> EXERCISE OBJECTIVE: Would you reproduce exactly the lines below from the one holding "Plstená sloha A4" through the one holding "After validating the", inclusive, and no others?

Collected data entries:
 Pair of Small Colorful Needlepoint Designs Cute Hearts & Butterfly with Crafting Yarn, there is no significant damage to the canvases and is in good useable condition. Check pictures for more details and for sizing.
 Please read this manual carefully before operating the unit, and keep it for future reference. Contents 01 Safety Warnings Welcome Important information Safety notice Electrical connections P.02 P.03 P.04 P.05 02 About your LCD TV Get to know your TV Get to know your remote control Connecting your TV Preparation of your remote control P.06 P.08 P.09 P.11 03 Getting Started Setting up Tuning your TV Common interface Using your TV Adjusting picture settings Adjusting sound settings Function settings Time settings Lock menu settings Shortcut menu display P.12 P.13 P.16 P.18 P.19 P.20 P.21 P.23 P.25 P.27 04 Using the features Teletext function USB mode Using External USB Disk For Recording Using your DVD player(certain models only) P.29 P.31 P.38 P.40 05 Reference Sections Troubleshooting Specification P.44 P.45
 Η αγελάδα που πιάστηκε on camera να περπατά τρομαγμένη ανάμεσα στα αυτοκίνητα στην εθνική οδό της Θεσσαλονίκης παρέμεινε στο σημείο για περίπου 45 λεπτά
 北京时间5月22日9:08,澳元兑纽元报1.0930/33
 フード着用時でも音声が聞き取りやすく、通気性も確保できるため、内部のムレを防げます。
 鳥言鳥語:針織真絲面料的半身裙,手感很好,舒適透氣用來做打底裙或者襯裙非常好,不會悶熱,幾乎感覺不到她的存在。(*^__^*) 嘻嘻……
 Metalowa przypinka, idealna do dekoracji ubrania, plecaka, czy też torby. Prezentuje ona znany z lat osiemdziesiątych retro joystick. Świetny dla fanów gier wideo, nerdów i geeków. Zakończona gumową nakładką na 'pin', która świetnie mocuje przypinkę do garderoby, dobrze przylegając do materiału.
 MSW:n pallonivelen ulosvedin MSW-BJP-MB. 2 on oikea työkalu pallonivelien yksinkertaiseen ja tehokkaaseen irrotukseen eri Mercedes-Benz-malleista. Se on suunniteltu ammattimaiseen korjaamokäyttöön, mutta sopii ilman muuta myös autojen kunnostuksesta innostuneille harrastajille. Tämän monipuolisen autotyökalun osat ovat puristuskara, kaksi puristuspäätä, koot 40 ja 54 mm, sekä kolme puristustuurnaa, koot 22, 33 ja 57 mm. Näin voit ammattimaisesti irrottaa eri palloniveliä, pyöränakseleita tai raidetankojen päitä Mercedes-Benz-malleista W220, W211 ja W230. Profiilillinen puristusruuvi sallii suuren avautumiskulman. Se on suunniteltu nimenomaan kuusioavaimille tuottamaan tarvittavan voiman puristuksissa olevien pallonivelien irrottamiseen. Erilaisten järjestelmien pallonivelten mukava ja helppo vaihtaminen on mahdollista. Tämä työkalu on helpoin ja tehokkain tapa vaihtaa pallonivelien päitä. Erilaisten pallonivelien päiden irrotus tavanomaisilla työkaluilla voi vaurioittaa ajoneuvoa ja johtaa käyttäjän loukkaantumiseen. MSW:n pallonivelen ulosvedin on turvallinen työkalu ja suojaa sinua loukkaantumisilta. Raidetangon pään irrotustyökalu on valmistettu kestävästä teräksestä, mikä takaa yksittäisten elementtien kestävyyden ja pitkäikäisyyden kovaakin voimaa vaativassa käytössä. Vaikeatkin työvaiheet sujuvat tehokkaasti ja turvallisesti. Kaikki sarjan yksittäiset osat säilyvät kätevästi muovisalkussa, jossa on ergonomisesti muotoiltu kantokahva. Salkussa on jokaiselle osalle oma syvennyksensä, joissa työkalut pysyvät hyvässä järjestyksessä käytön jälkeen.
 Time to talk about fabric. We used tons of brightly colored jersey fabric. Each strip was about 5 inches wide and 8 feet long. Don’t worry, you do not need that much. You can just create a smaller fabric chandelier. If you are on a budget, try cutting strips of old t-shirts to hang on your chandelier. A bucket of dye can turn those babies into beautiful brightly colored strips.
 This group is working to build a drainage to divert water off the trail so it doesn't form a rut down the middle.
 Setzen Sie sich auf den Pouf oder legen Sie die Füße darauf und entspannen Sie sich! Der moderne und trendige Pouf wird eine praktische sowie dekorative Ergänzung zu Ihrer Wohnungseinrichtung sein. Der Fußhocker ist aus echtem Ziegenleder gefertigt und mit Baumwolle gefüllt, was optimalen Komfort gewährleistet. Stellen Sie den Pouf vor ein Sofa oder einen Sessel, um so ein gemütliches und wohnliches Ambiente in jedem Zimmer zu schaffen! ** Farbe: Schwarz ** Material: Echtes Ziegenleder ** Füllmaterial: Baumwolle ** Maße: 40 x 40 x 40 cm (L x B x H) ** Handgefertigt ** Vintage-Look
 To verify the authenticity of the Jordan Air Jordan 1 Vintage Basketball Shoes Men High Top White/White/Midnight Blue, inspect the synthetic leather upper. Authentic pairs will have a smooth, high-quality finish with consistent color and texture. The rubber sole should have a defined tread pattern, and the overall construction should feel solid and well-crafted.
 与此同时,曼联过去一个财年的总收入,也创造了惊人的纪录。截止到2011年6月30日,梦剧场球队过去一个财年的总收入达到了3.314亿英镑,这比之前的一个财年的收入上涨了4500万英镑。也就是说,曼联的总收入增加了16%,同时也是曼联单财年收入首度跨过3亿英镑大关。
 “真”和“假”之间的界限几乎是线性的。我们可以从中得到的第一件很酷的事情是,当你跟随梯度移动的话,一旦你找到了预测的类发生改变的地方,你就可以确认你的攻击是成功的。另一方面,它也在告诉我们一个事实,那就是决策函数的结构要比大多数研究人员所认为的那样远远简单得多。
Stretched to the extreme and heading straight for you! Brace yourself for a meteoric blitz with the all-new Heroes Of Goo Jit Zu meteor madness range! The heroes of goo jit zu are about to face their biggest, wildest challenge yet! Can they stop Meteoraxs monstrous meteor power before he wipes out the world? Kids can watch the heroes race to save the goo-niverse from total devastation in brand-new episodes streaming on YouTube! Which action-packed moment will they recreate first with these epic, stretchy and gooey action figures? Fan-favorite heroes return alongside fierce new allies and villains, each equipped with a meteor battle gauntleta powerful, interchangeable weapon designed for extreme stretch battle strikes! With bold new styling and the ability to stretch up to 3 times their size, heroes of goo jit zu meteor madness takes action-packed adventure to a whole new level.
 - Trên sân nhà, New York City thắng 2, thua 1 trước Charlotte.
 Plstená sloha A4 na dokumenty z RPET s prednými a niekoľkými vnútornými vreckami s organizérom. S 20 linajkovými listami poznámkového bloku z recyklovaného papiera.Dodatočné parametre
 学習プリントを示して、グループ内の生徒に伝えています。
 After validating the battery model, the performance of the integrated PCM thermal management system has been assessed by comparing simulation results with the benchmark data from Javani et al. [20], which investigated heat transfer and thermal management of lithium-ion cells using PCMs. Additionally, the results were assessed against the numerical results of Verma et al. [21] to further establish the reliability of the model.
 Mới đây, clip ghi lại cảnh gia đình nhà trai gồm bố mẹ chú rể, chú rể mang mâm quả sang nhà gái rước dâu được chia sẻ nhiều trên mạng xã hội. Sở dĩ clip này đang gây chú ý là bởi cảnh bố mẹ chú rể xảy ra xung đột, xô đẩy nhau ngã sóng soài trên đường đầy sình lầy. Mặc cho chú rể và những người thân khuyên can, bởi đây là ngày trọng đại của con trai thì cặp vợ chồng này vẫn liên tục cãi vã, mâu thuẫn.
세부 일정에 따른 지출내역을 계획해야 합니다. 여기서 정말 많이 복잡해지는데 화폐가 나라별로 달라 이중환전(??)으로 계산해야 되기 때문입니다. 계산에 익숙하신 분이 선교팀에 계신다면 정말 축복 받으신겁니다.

> YOUR RESPONSE:
 Plstená sloha A4 na dokumenty z RPET s prednými a niekoľkými vnútornými vreckami s organizérom. S 20 linajkovými listami poznámkového bloku z recyklovaného papiera.Dodatočné parametre
 学習プリントを示して、グループ内の生徒に伝えています。
 After validating the battery model, the performance of the integrated PCM thermal management system has been assessed by comparing simulation results with the benchmark data from Javani et al. [20], which investigated heat transfer and thermal management of lithium-ion cells using PCMs. Additionally, the results were assessed against the numerical results of Verma et al. [21] to further establish the reliability of the model.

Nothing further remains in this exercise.